INPUT MATERIAL ::
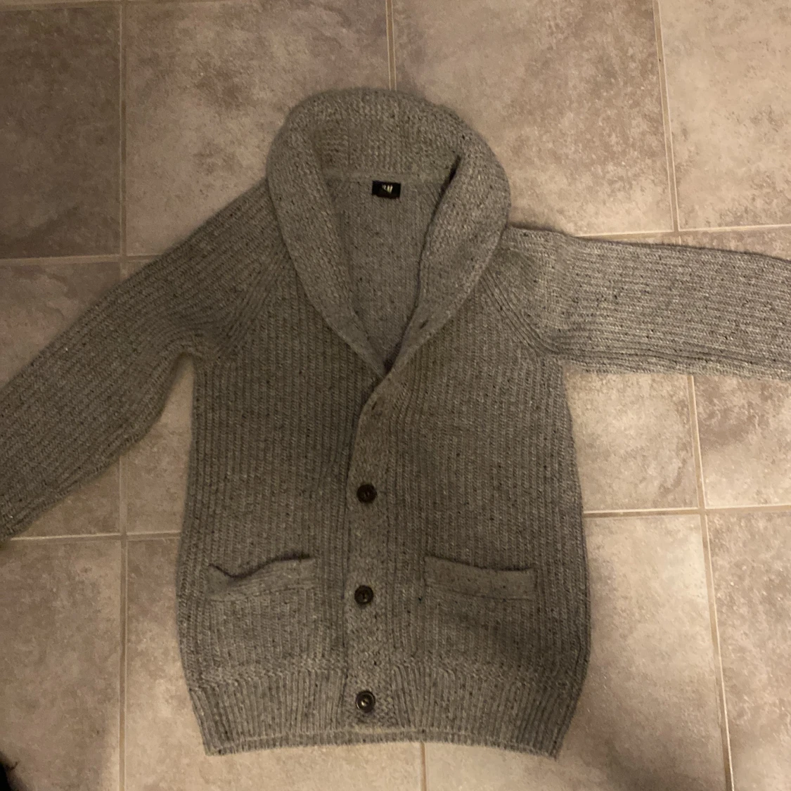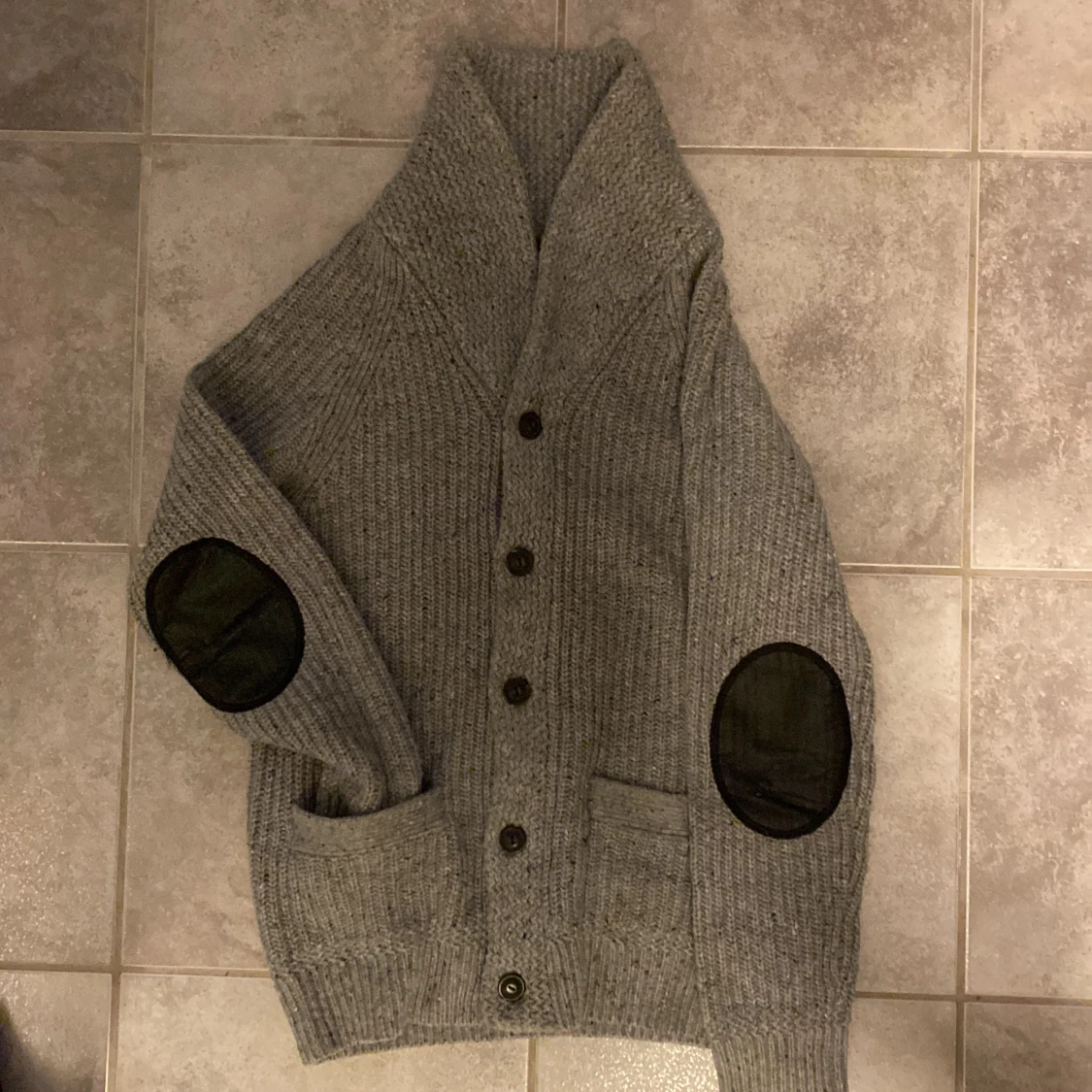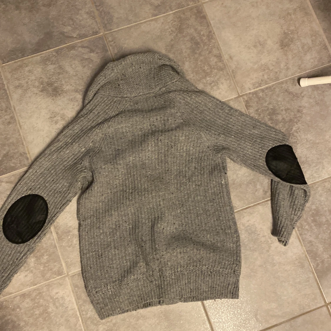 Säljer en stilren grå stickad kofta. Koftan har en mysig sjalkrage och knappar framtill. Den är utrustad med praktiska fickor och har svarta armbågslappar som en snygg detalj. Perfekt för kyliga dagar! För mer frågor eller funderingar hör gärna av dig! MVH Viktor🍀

--

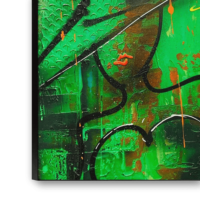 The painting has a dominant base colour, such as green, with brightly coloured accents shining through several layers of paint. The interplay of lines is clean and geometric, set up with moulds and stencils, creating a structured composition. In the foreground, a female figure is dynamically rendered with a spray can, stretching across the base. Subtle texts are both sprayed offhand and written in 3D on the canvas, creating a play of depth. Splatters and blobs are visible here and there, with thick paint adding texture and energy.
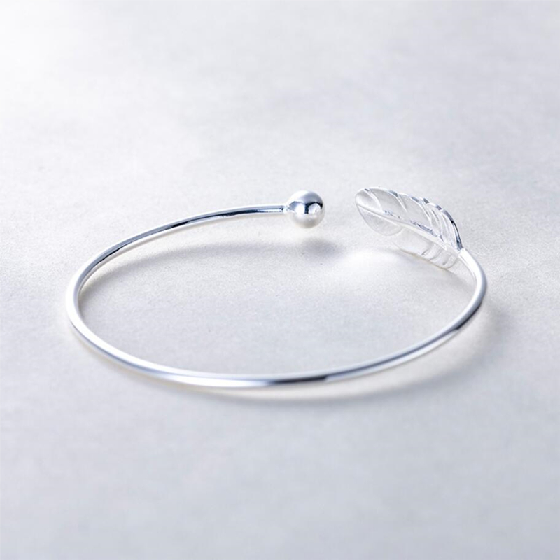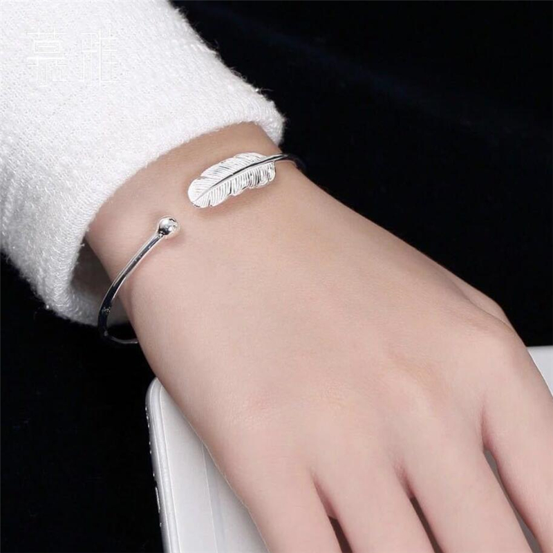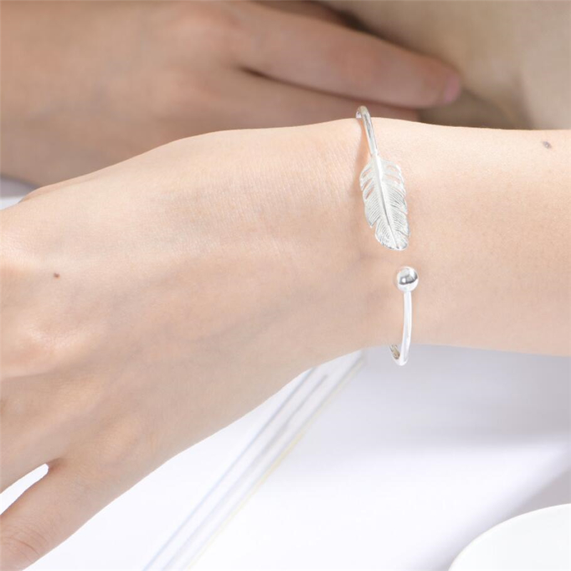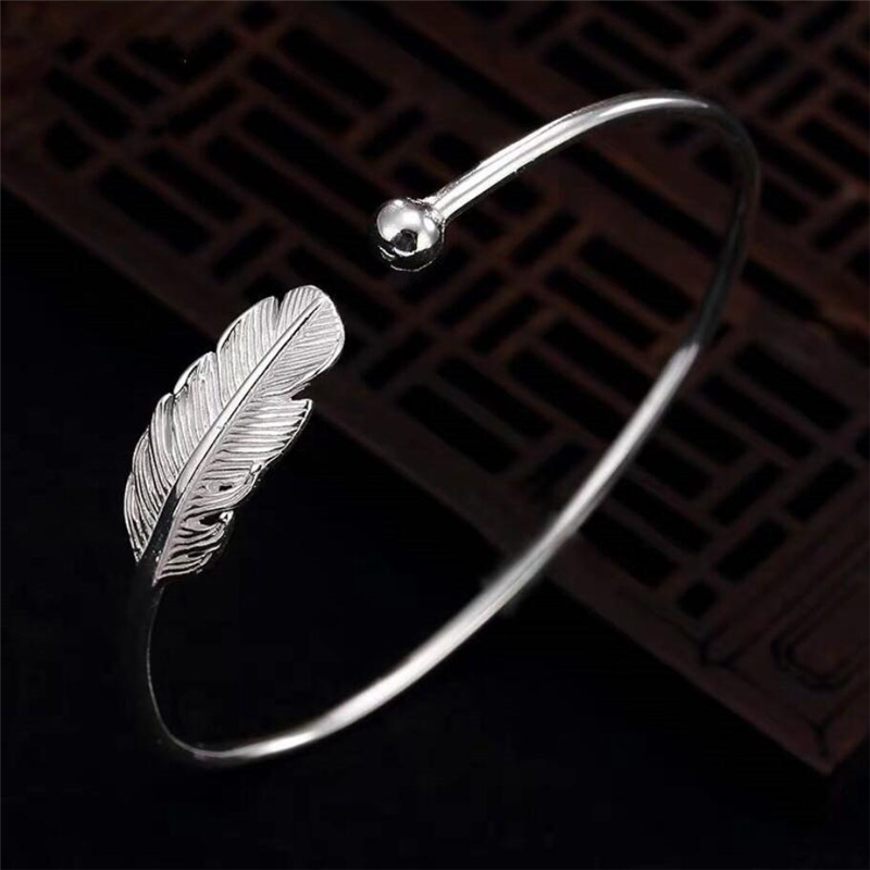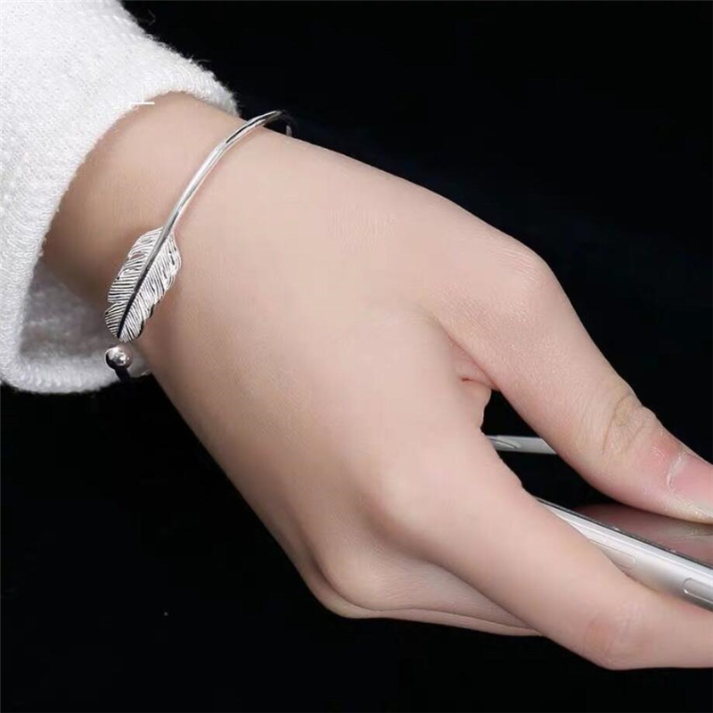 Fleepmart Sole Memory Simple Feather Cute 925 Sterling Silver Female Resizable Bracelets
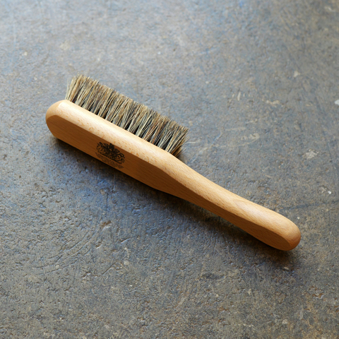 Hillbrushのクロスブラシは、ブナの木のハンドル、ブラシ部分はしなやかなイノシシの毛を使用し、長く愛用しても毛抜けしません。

---

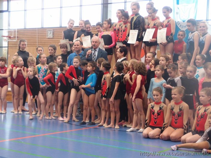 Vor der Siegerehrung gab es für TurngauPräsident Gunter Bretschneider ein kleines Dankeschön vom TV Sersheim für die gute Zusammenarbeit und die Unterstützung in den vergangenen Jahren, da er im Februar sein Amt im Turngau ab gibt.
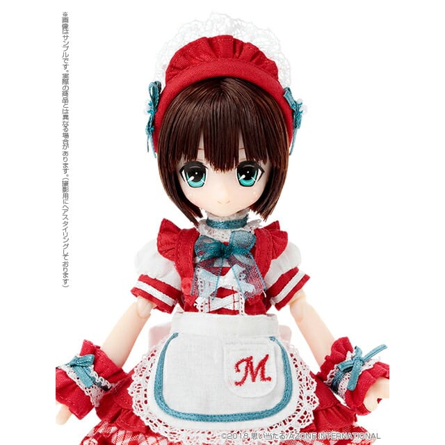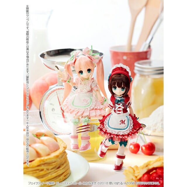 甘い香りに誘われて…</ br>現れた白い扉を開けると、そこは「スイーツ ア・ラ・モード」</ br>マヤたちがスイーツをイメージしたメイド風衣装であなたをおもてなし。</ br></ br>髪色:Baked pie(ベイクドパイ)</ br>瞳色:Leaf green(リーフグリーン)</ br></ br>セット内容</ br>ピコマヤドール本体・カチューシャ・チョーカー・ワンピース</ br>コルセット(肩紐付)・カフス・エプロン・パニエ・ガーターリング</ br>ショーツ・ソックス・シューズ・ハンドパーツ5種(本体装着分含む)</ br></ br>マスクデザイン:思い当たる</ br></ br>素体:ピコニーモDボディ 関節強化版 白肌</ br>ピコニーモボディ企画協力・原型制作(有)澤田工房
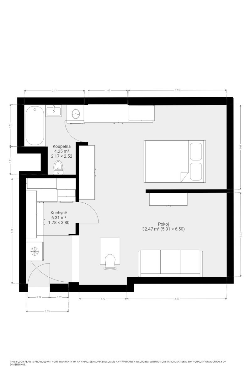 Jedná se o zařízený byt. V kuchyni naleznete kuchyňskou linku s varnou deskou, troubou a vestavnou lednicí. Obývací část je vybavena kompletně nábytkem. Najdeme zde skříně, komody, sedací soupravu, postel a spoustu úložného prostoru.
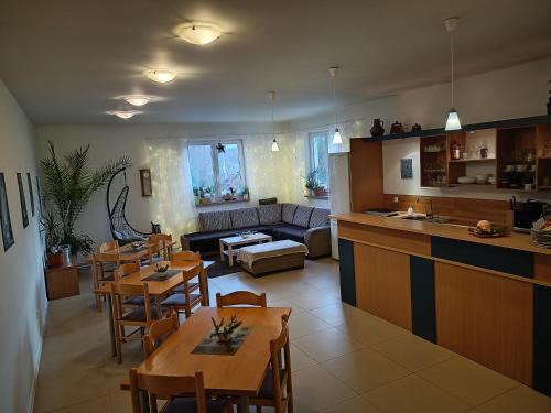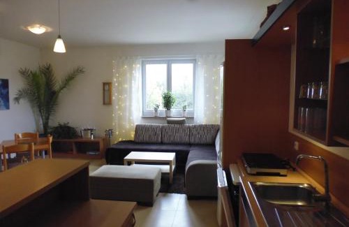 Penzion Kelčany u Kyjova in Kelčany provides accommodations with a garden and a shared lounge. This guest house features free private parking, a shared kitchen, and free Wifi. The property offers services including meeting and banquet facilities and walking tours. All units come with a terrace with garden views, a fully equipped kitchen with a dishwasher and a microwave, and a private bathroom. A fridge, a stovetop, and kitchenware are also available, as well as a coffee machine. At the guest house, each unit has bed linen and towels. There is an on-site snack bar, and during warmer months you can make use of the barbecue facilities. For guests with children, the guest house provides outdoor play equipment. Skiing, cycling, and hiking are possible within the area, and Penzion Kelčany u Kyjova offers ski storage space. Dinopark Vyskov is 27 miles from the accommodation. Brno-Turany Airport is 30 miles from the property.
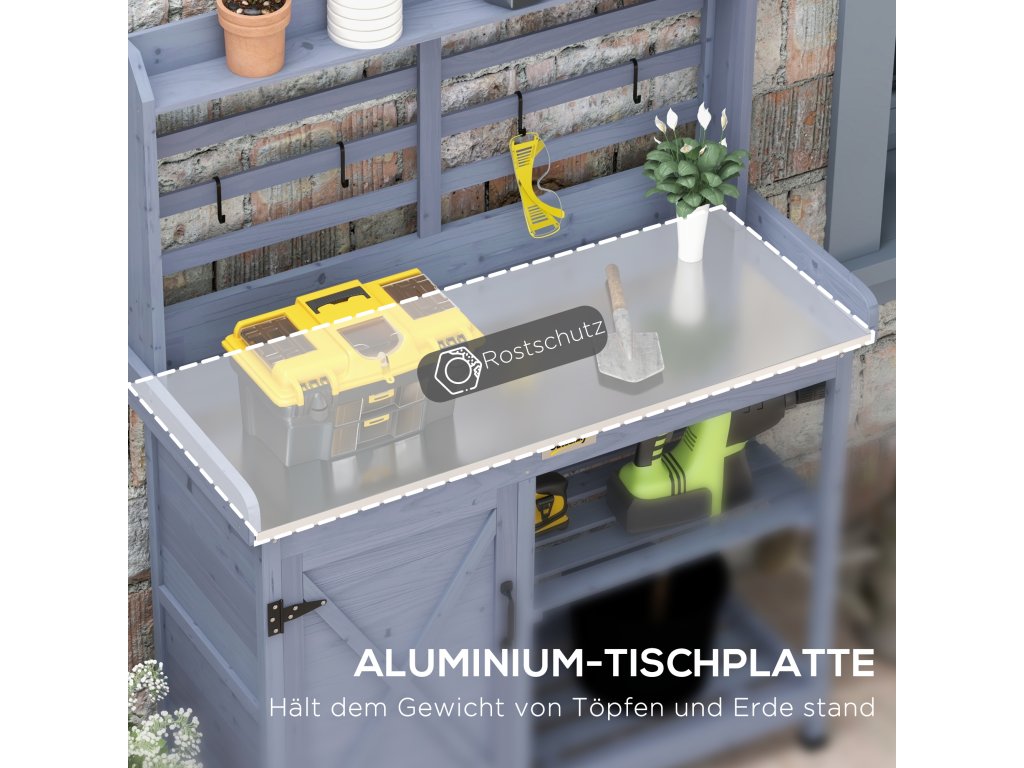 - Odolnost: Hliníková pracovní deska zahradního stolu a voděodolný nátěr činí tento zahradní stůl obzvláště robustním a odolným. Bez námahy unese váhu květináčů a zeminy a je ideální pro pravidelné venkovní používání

WHAT TO DO ::
The stretch above running from the line with "Penzion Kelčany u Kyjova in" through the line with "- Odolnost: Hliníková" is all you should copy, exactly, leaving out the pictures.

WRITTEN RESPONSE ::
 Penzion Kelčany u Kyjova in Kelčany provides accommodations with a garden and a shared lounge. This guest house features free private parking, a shared kitchen, and free Wifi. The property offers services including meeting and banquet facilities and walking tours. All units come with a terrace with garden views, a fully equipped kitchen with a dishwasher and a microwave, and a private bathroom. A fridge, a stovetop, and kitchenware are also available, as well as a coffee machine. At the guest house, each unit has bed linen and towels. There is an on-site snack bar, and during warmer months you can make use of the barbecue facilities. For guests with children, the guest house provides outdoor play equipment. Skiing, cycling, and hiking are possible within the area, and Penzion Kelčany u Kyjova offers ski storage space. Dinopark Vyskov is 27 miles from the accommodation. Brno-Turany Airport is 30 miles from the property.
 - Odolnost: Hliníková pracovní deska zahradního stolu a voděodolný nátěr činí tento zahradní stůl obzvláště robustním a odolným. Bez námahy unese váhu květináčů a zeminy a je ideální pro pravidelné venkovní používání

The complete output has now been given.